Come detto il film inizia dalla fine, con l'uccisione del carnefice scovato nelle viscere di un nightclub che tanto assomiglia a una bolgia infernale. La Divina Commedia di Dante è una delle chiavi di lettura del film, una salita dall'Inferno al Paradiso, con il personaggio della Bellucci come serafico cherubino a cui verranno spezzate le ali. Il nightclub è quindi il punto più basso da cui iniziare la salita. L'omicidio si compie spietato in un turbinio di violenza, chiaro/scuri e fotografia rossa che riflette la rabbia e l'odio del protagonista in quel momento, in grado di rievocare anche passione e amore, elementi positivi che emergeranno lentamente nel corso della storia. Il tutto centrifugato da una regia instabile, nervosa, che riflette lo stato d'animo del protagonista, accecato dall'odio, frustrato, confuso, bramoso di vendetta.
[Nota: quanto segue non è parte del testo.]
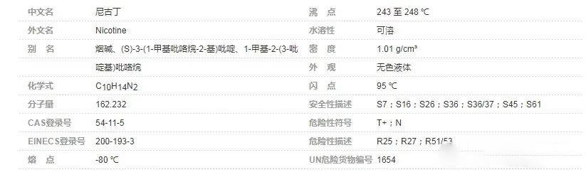 尼古丁(Nicotine),俗名烟碱,是一种有机化合物,化学式C10H14N2,有剧毒,是一种存在于茄科植物(茄属)中的生物碱,也是烟草的重要成分,还是N-胆碱受体激动药的代表,对N1和N2受体及中枢神经系统均有作用,无临床应用价值。尼古丁会使人上瘾或产生依赖性,重复使用尼古丁也增加心跳速率和升高血压并降低食欲。大剂量的尼古丁会引起呕吐以及恶心,严重时人会死亡。烟草中通常会含有尼古丁。电子烟也含有传统烟草的有害物质尼古丁。
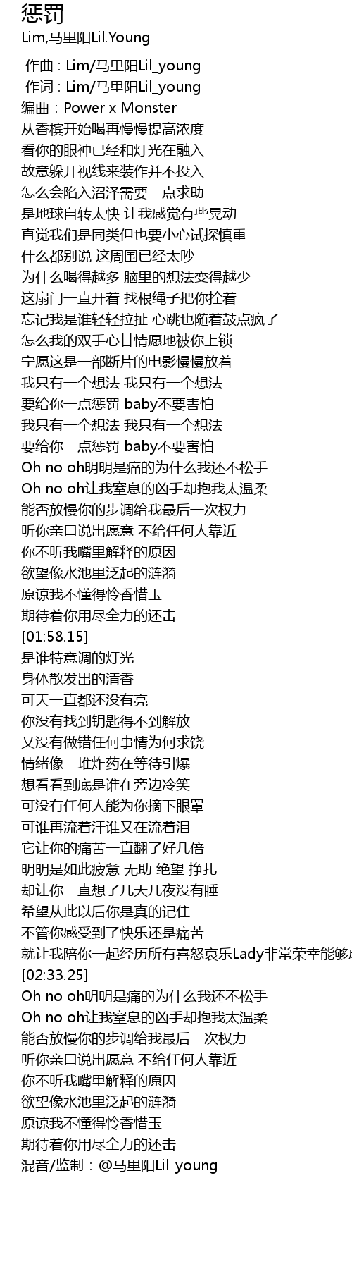 | [01:19.39] | 要给你一点惩罚 baby不要害怕 |

Mano a mano che la storia prosegue (anzi, si riavvolge) le inquadrature si faranno sempre più stabili, pacate, "normali" fino a raggiungere lo zenit nella scena dello stupro: dieci minuti in piano-sequenza, con la camera appoggiata a terra, fissa e immobile, a ritrarre la violenza in tutto il suo deprecabile orrore. Una scena resa con un realismo quasi insostenibile, come se fosse un documentario (anzi, uno shockumentary) al punto da insinuare nello spettatore il dubbio che la Bellucci non sia stata stuprata veramente durante le riprese. Una scena brutale come poche altre volte può capitare di vedere in un film, figuriamoci a un Festival. Eppure, per quanto assurdo possa sembrare, lo stupro non è la cosa peggiore che Noé mette in scena. La storia si riavvolge ancora, e quella donna vittima di violenza assume forma, dimensione. Diventa reale attraverso le sue relazioni, le passioni, gli amori, le speranze, gonfiandosi sempre di più mentre lo stupro si allontana (come minutaggio nel film) eppure diventa sempre più incombente (nella linearità della storia) sino a giungere a un finale cinico, spietato, annichilente, che getta lo stupro sotto una nuova e (se possibile) più terribile luce.